In An Unseen Light: Black Struggles for Freedom in Memphis, Tennessee, eminent and rising scholars present a multidisciplinary examination of African American activism in Memphis from the dawn of emancipation to the twenty-first century. Together, they investigate episodes such as the 1940 “Reign of Terror” when black Memphians experienced a prolonged campaign of harassment, mass arrests, and violence at the hands of police.
They also examine topics including the relationship between the labor and civil rights movements, the fight for economic advancement in black communities, and the impact of music on the city’s culture. Covering subjects as diverse as politics, sports, music, activism, and religion, An Unseen Light illuminates Memphis’s place in the long history of the struggle for African American freedom and human dignity.

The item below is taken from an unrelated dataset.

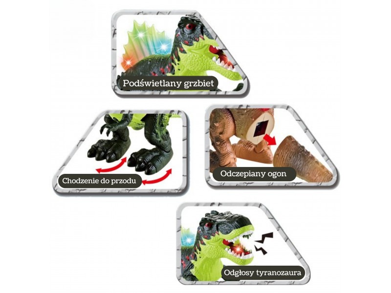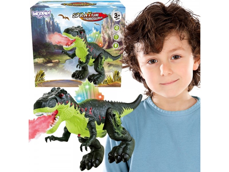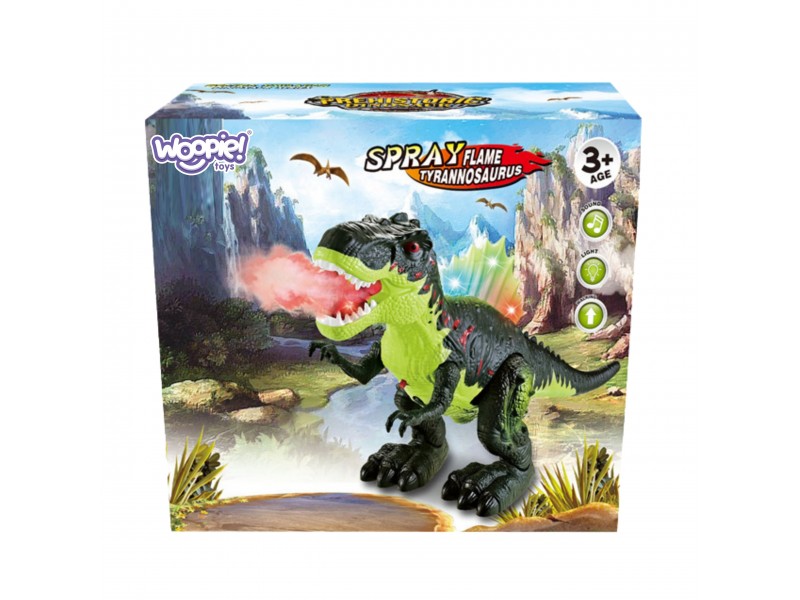 Įspūdingas interaktyvus Woopie dinozauras T-Rex su purškimo funkcija, kuri imituoja ugnies liepsną. Šis nuostabus žaislas suteikia nepamirštamų įspūdžių dėl gebėjimo savarankiškai vaikščioti į priekį, judančio žandikaulio, šviečiančios nugaros ir autentiškų riaumojimo garsų. Šis dinozauras yra puikus pasiūlymas mažiesiems, norintiems patirti priešistorinius nuotykius tiesiog savo namuose.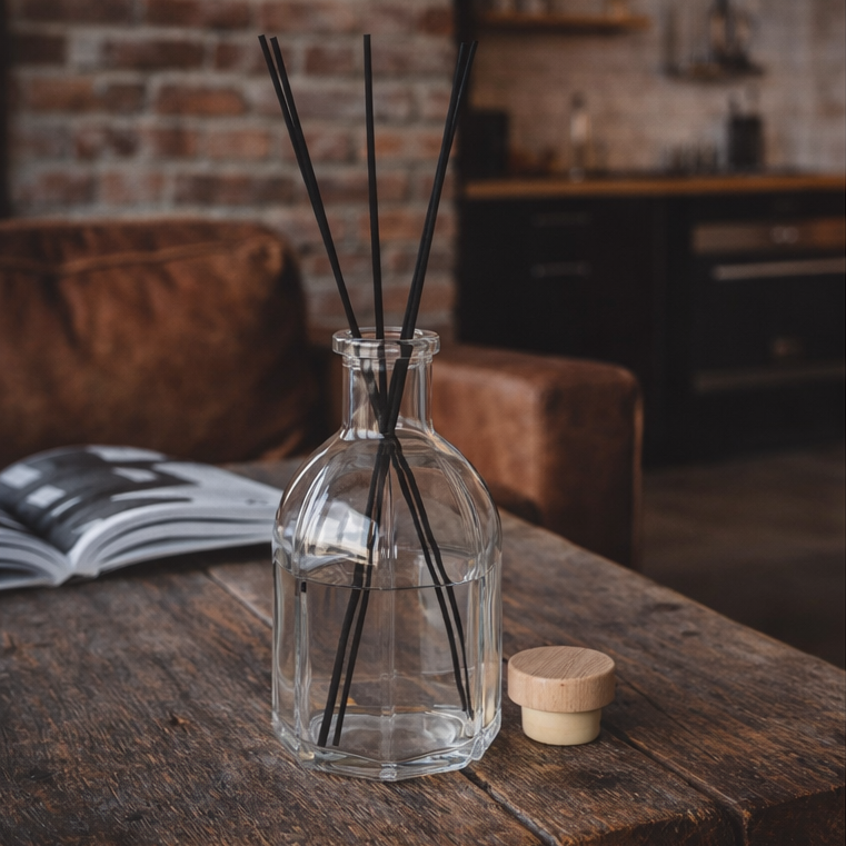 Большой стеклянный флакон объёмом 1250 мл — идеальная основа для интерьерного диффузора, который становится не просто источником аромата, а частью пространства.

“From the aftermath of the post–Civil War race massacre to continuous violence, murder, and bitter confrontations into the twenty-first century, contributors illuminate An Unseen Light on those black Memphians forging lives, nonetheless.
Scholars intellectually and personally invested in the city bring an unequivocal depth of understanding about place and belonging that textures the pages with life, adding more layers to underscore how black lives have mattered in the historical grassroots building of the nation. This is thoughtful and beautiful work.” —Françoise N. Hamlin, author of Crossroads at Clarksdale: The Black Freedom Struggle in the Mississippi Delta after World War II
Aram Goudsouzian is Bizot Family Professor of History at the University of Memphis. His books include Sidney Poitier: Man, Actor, Icon, King of the Court: Bill Russell and the Basketball Revolution, and Down to the Crossroads: Civil Rights, Black Power, and the Meredith March Against Fear.
Charles W. McKinney Jr. is the Neville Frierson Bryan Chair of Africana Studies and associate professor of history at Rhodes College. A scholar of the Black Freedom Struggle, he is the author of Greater Freedom: The Evolution of the Civil Rights Struggle in Wilson, North Carolina.